Contrast this to another announcement – that 154,569 salmon have escaped from a fish farm near Shetland. As jail breaks go – this was a big and extremely embarrassing one.

Farmed salmon are typically more aggressive than their wild cousins and aside from the concern that a gang of prison-tough salmon are prowling the Atlantic bullying the locals, or considering returning to spring their friends, the escape could have serious implications for the marine ecosystem.

Millions of salmon escape from fish farms each year and biologists are increasingly concerned that they are destroying genetic traits evolved in wild populations. They breed faster than wild salmon, but are much less effective at escaping predators. Researchers estimate that around 25 per cent of wild salmon in Scotland’s western Highlands and islands are hybrids.

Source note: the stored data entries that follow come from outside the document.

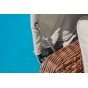 При его изготовлении мы использовали прочный алюминиевый каркас с декоративной отделкой из круглого и плоского искусственного ротанга, что обеспечило улучшение технологический характеристик.
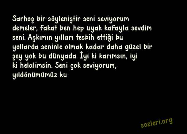 Sarhoş bir söyleniştir seni seviyorum demeler, fakat ben hep uyak kafayla sevdim seni. Aşkımın yılları tesbih ettiği bu yollarda seninle olmak kadar daha güzel bir şey yok bu dünyada. İyi ki karımsın, iyi ki helalimsin. Seni çok seviyorum, yıldönümümüz ku ( Yıldönümü )
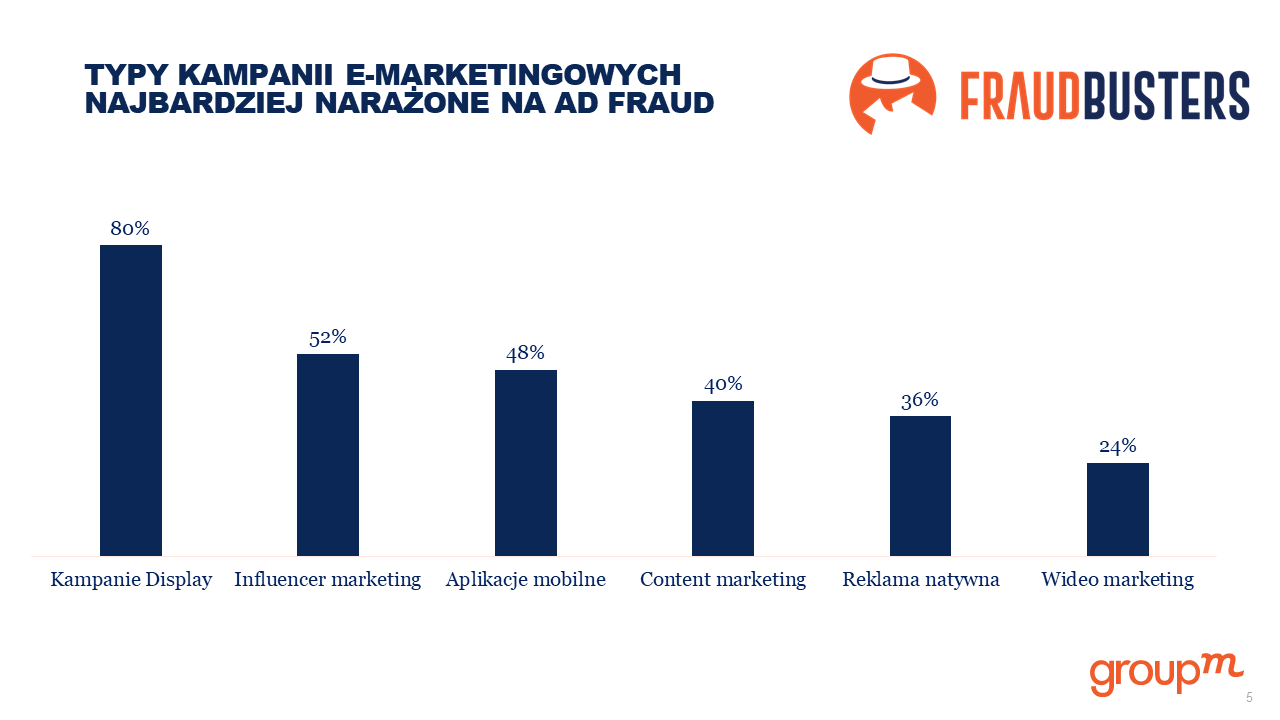 Wśród poszczególnych modeli zakupów kampanii online najbardziej narażony na Ad Fraud wydaje się polskim marketerom performance marketing (kampanie rozliczane za efekt), choć większość badanych powiedziała w badaniu GroupM, że model zakupu nie ma większego znaczenia. Wśród typów kampanii niosących najwyższe ryzyko fraudu, reklamodawcy najczęściej wskazywali tradycyjny display lub działania z udziałem influencerów.

Trace levels of the banned pesticide DDT has also been discovered in packs of farmed salmon. Farmed fish are sprayed with chemicals to kill off parasites but their food supply can become contaminated by these chemicals, allowing DDT to get into the human food chain.

However, despite the environmental implications of 155,000 drugged up, aggressive, prison-reared salmon terrorising the Atlantic, the news of the escape will not attract much attention.

But make them radioactive and it’s a different story.